Professor Oreskes’s research focuses on the earth and environmental sciences, with a particular interest in understanding scientific consensus and dissent.
Her 2004 essay “The Scientific Consensus on Climate Change” (Science 306: 1686) has been widely cited, both in the United States and abroad, including in the Royal Society’s publication, “A Guide to Facts and Fictions about Climate Change," in the Academy-award winning film, “An Inconvenient Truth,” and in Ian McEwan’s novel, “Solar”.... Her 2010 book, “Merchants of Doubt: How a Handful of Scientists Obscured the Truth on Issues from Tobacco to Global Warming,” co-authored with Erik M. Conway, was shortlisted for the Los Angeles Time Book Prize, and received the 2011 Watson-Davis Prize from the History of Science Society.In a long two-parter on Exxon (part 1, part 2), The New York Review of Books says
Naomi Oreskes (Harvard) and Erik Conway (California Institute of Technology) tell the story of what they call the “Tobacco Strategy.” Tobacco industry scientists and executives knew by 1953 that smoking caused cancer. Rather than see sales diminish, however, they decided to deceive the public. Since the proof of smoking’s danger was established by science, they resolved on a long-term effort to create doubt about that science. And they realized that the best, most credible messengers in a campaign to discredit established science would be other scientists....One particular place where we have seen "emphasizing the uncertainty" is at our Metropolitan Planning Organization, where doubt and uncertainty has been to used to delay or evade a framework for beginning to assess transportation and land use for greenhouse gas impacts.
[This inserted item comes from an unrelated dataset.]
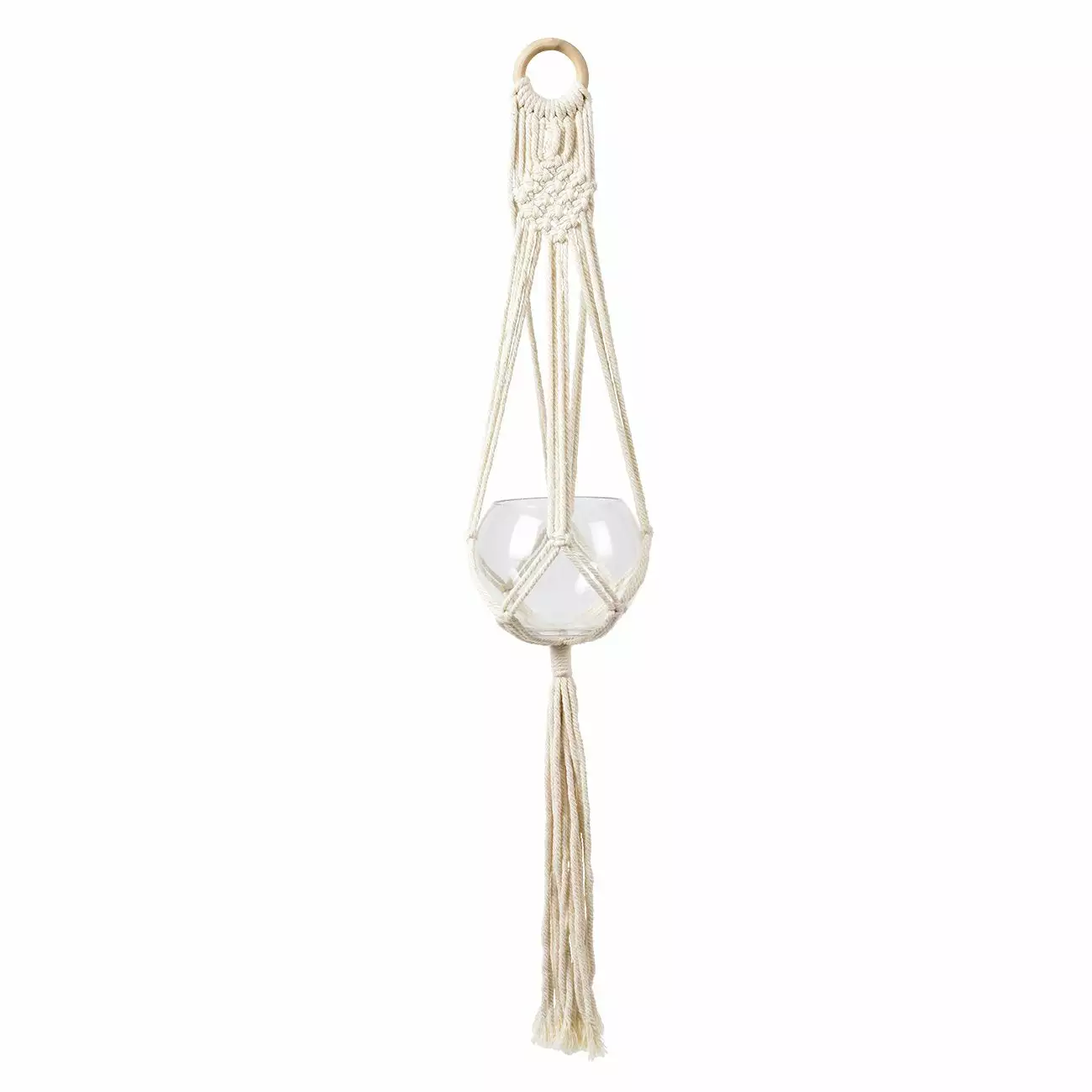 A sturdy metal ring keeps the hanger securely in place. The glass pot is not included; it’s for illustrative purposes only.

When Exxon began to “emphasize the uncertainty” of climate science, the scientists who espoused its positions were often veterans of those earlier denial campaigns.
Thought we aren't following the Legislative debate on a carbon tax or cap-and-trade scheme, stock "uncertainty" memes and arguments are almost certainly being used there as well.
So the topic is relevant right here in Salem in addition to its national political and general cultural relevance.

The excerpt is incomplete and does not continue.